Ever wondered how editing and searching for text in a file with > 10K lines of code in your favorite code editor (VSCode, Neovim etc.) is pretty quick. One of the key reasons why is because these editors rely on some data structures that provide efficient look up and editing capabilities, allowing you to work do your work faster. In this post, lets explore these data structures, write them from scratch, run a few benchmarks and hopefuly at the end understand them better.

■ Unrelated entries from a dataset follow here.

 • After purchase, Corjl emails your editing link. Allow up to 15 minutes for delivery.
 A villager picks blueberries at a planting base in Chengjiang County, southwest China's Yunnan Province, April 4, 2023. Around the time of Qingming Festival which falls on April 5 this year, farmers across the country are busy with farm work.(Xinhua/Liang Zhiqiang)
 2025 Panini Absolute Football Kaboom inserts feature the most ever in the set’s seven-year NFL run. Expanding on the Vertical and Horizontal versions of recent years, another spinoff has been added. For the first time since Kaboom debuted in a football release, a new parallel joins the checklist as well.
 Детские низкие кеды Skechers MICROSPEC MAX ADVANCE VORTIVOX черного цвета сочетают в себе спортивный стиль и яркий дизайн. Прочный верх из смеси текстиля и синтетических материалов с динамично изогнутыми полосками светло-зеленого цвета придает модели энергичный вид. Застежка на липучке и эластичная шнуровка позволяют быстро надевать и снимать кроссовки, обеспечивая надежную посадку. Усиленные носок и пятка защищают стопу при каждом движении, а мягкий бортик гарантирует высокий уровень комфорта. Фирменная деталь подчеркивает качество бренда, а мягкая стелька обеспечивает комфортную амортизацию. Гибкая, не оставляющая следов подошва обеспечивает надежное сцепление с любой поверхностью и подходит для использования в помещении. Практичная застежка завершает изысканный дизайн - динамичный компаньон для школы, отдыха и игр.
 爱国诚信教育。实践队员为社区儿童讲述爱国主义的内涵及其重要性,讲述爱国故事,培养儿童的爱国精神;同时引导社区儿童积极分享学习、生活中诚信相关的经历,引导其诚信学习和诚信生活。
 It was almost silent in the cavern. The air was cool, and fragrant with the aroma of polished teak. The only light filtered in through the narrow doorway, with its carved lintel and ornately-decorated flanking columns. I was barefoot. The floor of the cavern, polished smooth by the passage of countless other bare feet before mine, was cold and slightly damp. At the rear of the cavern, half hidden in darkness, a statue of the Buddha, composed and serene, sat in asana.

I have been using the Zed code editor for a few months now. Its been amazing and I love it. Zed is open-source so I checked out their repo and blogs, and stumbled upon the blog post on Rope which is a data structure that powers Zed. That is the motivation of this blog, it led me to rabbit hole and as a result here we are.

Benchmark

Lets first start with a benchmark. This is help us understand the trade-offs of each of these data structures. The goal is simple, measure the time complexity of the following operations 1) insertion (anywhere in the file) 2) deletion (start and middle of the file) 3) random_access (anywhere in the file). I choose rust as the language, cause why not and the data structures we are looking to benchmark will implement the following trait

trait Editor {
    fn insert(&mut self, key: String, pos: usize);
    fn delete(&mut self, pos: usize, length: usize);
    fn get_char(&self, index: usize) -> Option<char>;
}
  • Insertion - We will insert some text to the data structure at random positions and measure the time taken for the insertion to complete
  • Deletion - We remove 1000 characters at the beginging and middle of the text and measure the time.
  • Random Access - Move to random character in the file

[Add benchmark code here, talk about what the different benchmark evaluates]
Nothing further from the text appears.